- **WHAT YOU ARE ASKED TO DO**: No pictures go into the copy. Write out exactly the lines below from the one containing "Аранжировка для гитары" through the one containing "Nhiều nhóm bạn".

##########

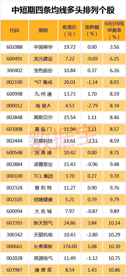 一般来说,均线多头排列代表买方力量强大,后市由多方主导行情概率较大。107只个股5日、10日、20日、60日四条均线近日呈多头排列。其中中国神华、龙元建设、宝色股份股价与60日均线的乖离率最小,分别为3.56%、6.15%、6.26%。
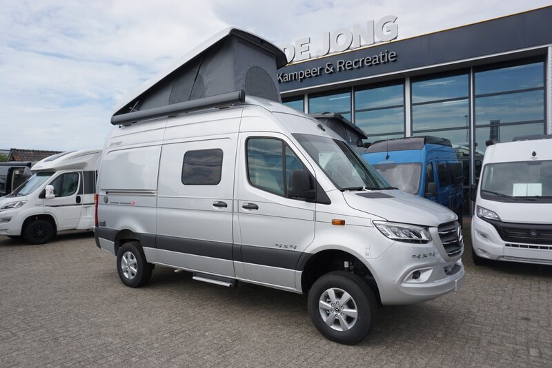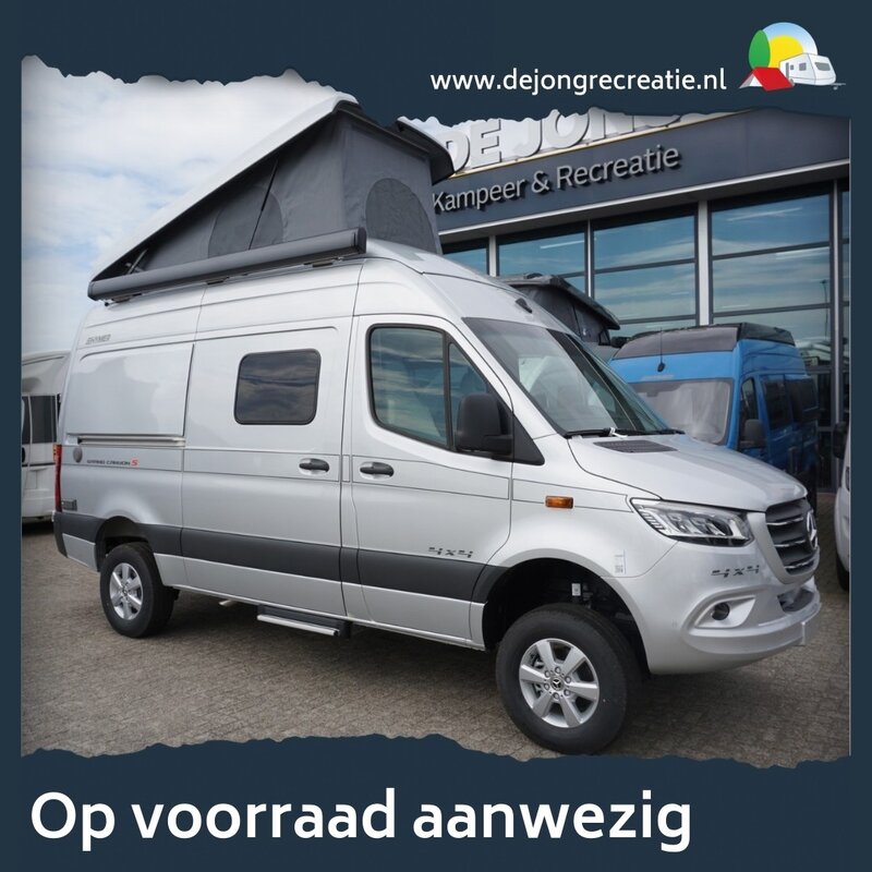 Maak je klaar voor eindeloze avonturen met de Hymer Grand Canyon S 600, een krachtige All Wheel Drive camper die perfect is voor vier personen. Geïnspireerd door de Mercedes Sprinter, biedt deze camper de ultieme combinatie van kracht en luxe. Met de indrukwekkende 190 pk motor en 9-G Tronic automatische transmissie voel je je verzekerd op elk soort terrein, ongeacht het seizoen. Of je nu in de zomer de zon opzoekt of in de winter sneeuwachtige bergen wilt verkennen, deze camper brengt je waar je maar wilt.
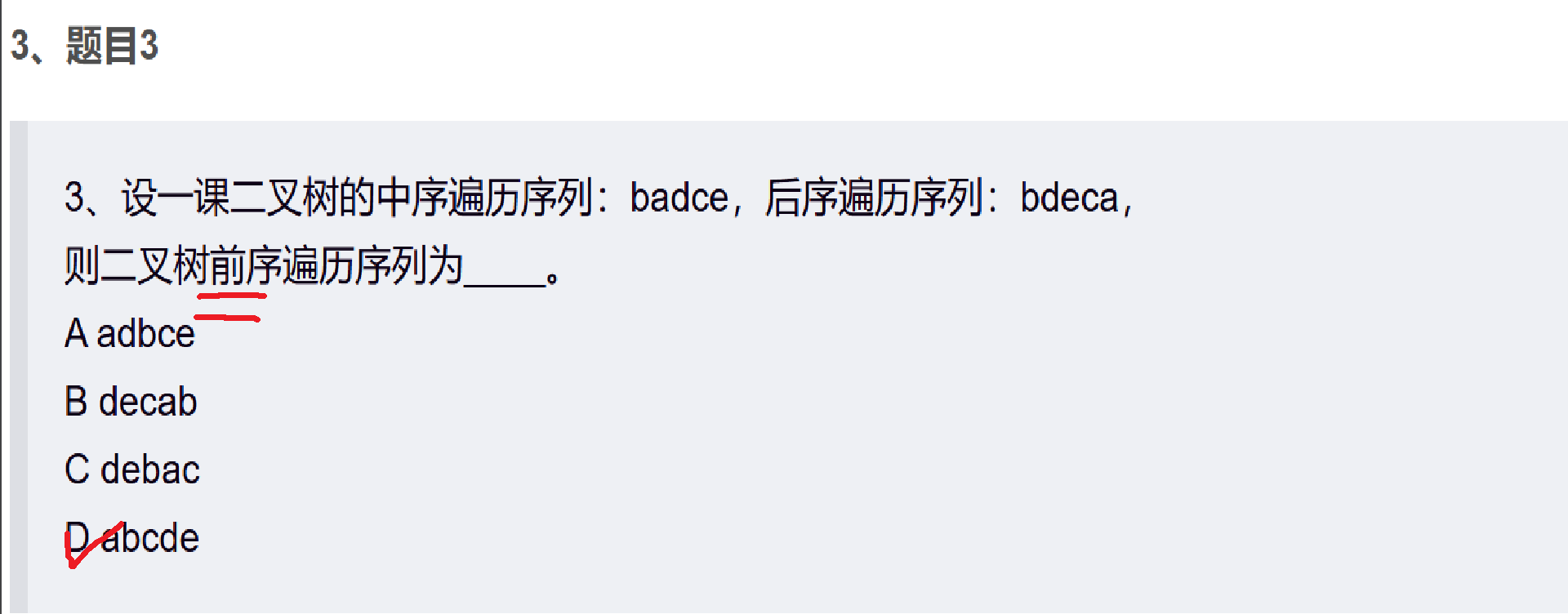 3、设一课二叉树的中序遍历序列:badce,后序遍历序列:bdeca, 则二叉树前序遍历序列为____。 A adbce B decab C debac D abcde
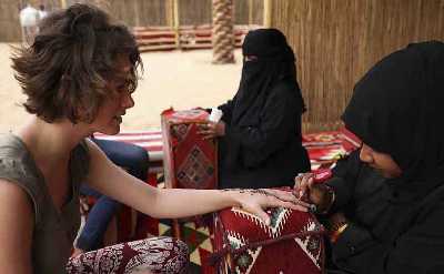 Tiempo para 'paseo en barco por el desierto' ... Dé un paseo en camello por las instalaciones del campamento y, según la hora y la suerte, vea el atardecer en el desierto desde una alta duna. Libre en el tiempo libre ... De vuelta en el campamento Al Khayma, pase el tiempo probando fumar Shisha, pintar con henna. Póngase ropa árabe local y pose para fotos con Falcon.
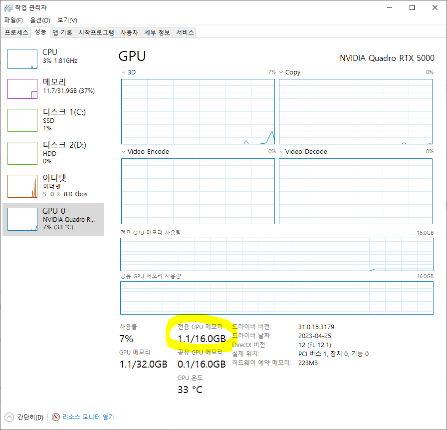 내가 사용중인 GPU 메모리는 용량이 커서 문제가 없었으나...
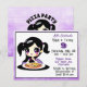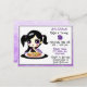 Cartes d'invitation d'anniversaire de fête de pizza de fille. Fille animée violette et noire avec assiette de pizza.
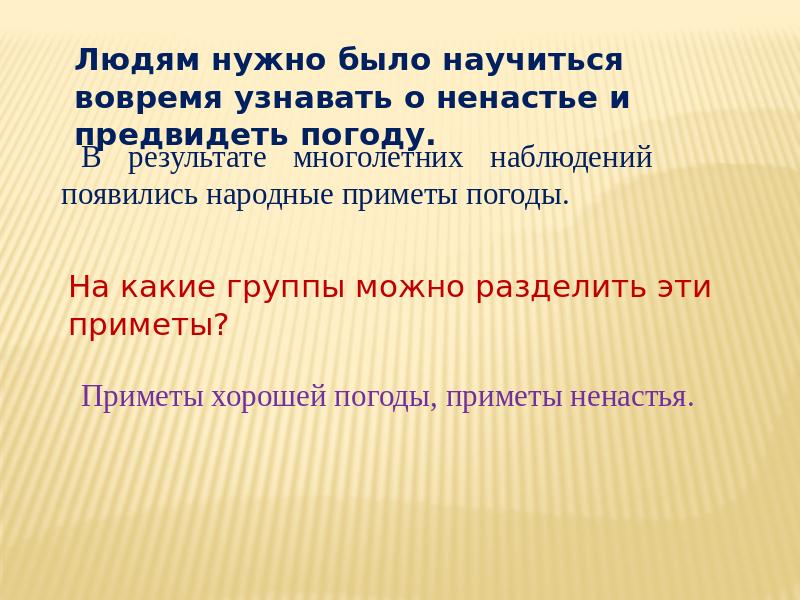 В результате многолетних наблюдений появились народные приметы погоды. Людям нужно было научиться вовремя узнавать о ненастье и предвидеть погоду. На какие группы можно разделить эти приметы? Приметы хорошей погоды, приметы ненастья.
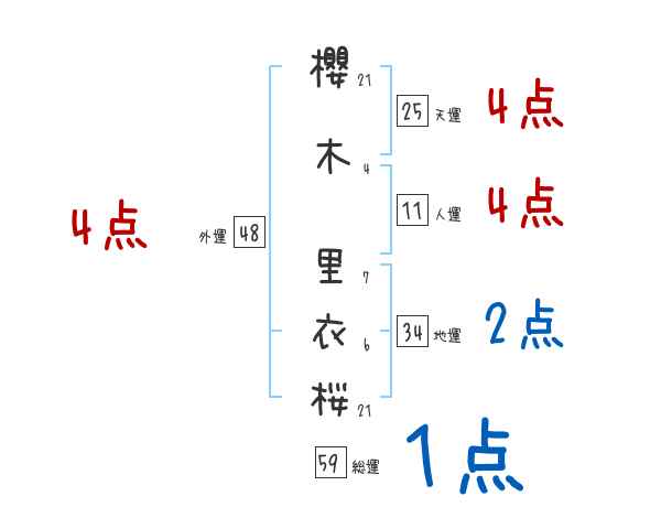 天運![]() | 櫻木里衣桜さんの天運は25画の4つ星!個性があり才能があふれる。強運の持ち主で発展する。 家系が持つ宿命的な運勢を表します。祖先から受け継いだ苗字ですので自分の力が及びません。家柄を象徴します。 |
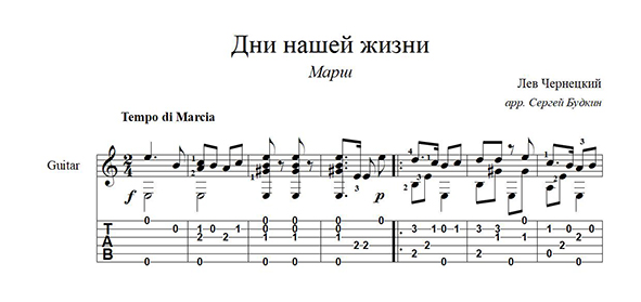 Аранжировка для гитары старинного марша Льва Чернецкого времен Первой Мировой войны. На мотив этого марша в народе родилась песенка "По улице ходила большая крокодила..."
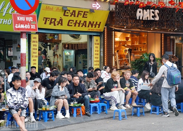 Nhiều nhóm bạn trẻ khoác áo dạ, quàng khăn ngồi trò chuyện, hít hà cốc trà nóng, ly cà-phê sữa chua trong tiết trời lành lạnh. Không khí mùa đông đến sớm khiến góc phố quen bỗng trở nên ấm áp và rộn ràng hơn.
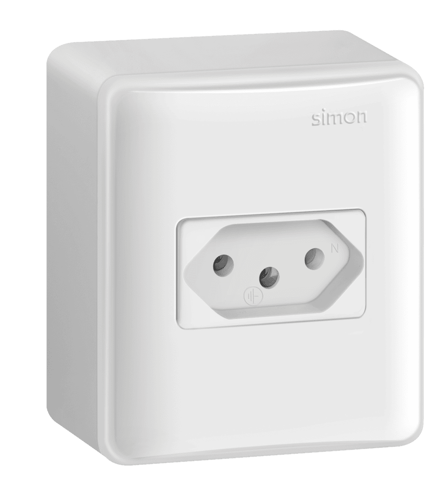 CONJUNTO DE SOBREPOR 1 TOMADA 2P+T PADRÃO BRASILEIRO 20A 250V – BRANCO – SIMON 19
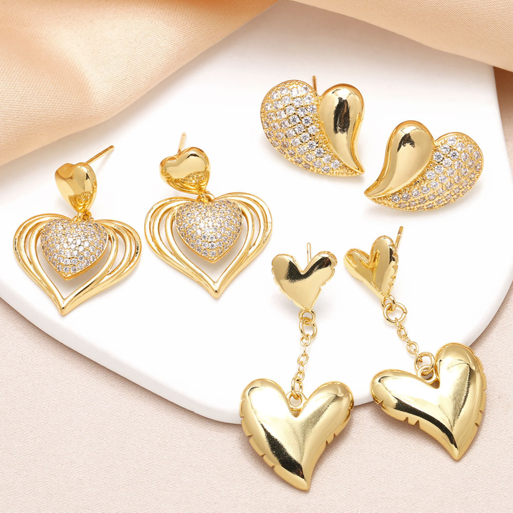 como joias brincos pingentes de coração de amor europeus e americanos brincos femininos banhados a ouro brincos em forma de coração de zircônia erq66

##########

- **PROBLEM SOLUTION**:
 Аранжировка для гитары старинного марша Льва Чернецкого времен Первой Мировой войны. На мотив этого марша в народе родилась песенка "По улице ходила большая крокодила..."
 Nhiều nhóm bạn trẻ khoác áo dạ, quàng khăn ngồi trò chuyện, hít hà cốc trà nóng, ly cà-phê sữa chua trong tiết trời lành lạnh. Không khí mùa đông đến sớm khiến góc phố quen bỗng trở nên ấm áp và rộn ràng hơn.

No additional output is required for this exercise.